● **WORK TASK**
Please return the listing exactly as it stands, skipping any pictures.

● **DATA PROVIDED**

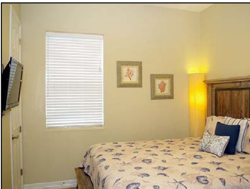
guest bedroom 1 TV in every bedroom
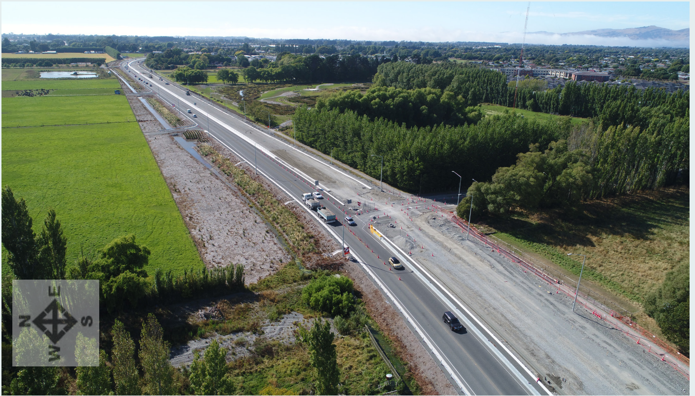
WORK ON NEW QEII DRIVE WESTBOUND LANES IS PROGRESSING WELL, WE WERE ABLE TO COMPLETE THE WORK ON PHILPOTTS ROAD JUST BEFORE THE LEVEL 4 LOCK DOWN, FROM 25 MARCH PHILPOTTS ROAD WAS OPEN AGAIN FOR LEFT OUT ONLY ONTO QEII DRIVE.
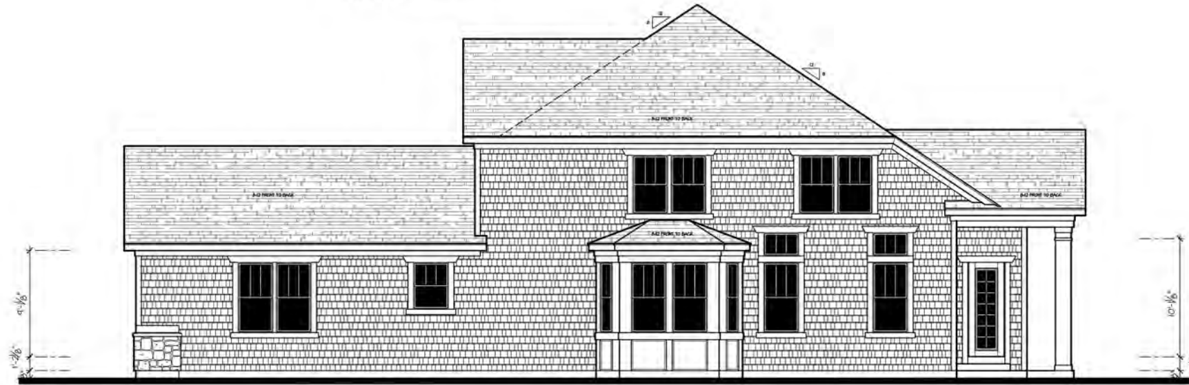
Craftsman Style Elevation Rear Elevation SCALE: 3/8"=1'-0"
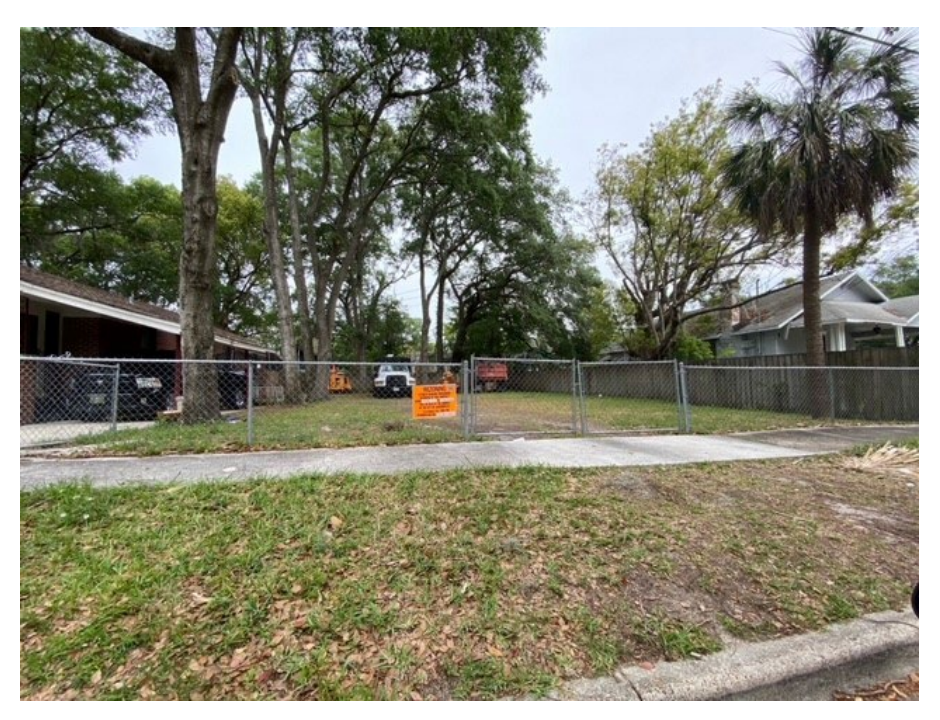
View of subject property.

● **EXERCISE SOLUTION**
guest bedroom 1 TV in every bedroom
WORK ON NEW QEII DRIVE WESTBOUND LANES IS PROGRESSING WELL, WE WERE ABLE TO COMPLETE THE WORK ON PHILPOTTS ROAD JUST BEFORE THE LEVEL 4 LOCK DOWN, FROM 25 MARCH PHILPOTTS ROAD WAS OPEN AGAIN FOR LEFT OUT ONLY ONTO QEII DRIVE.
Craftsman Style Elevation Rear Elevation SCALE: 3/8"=1'-0"
View of subject property.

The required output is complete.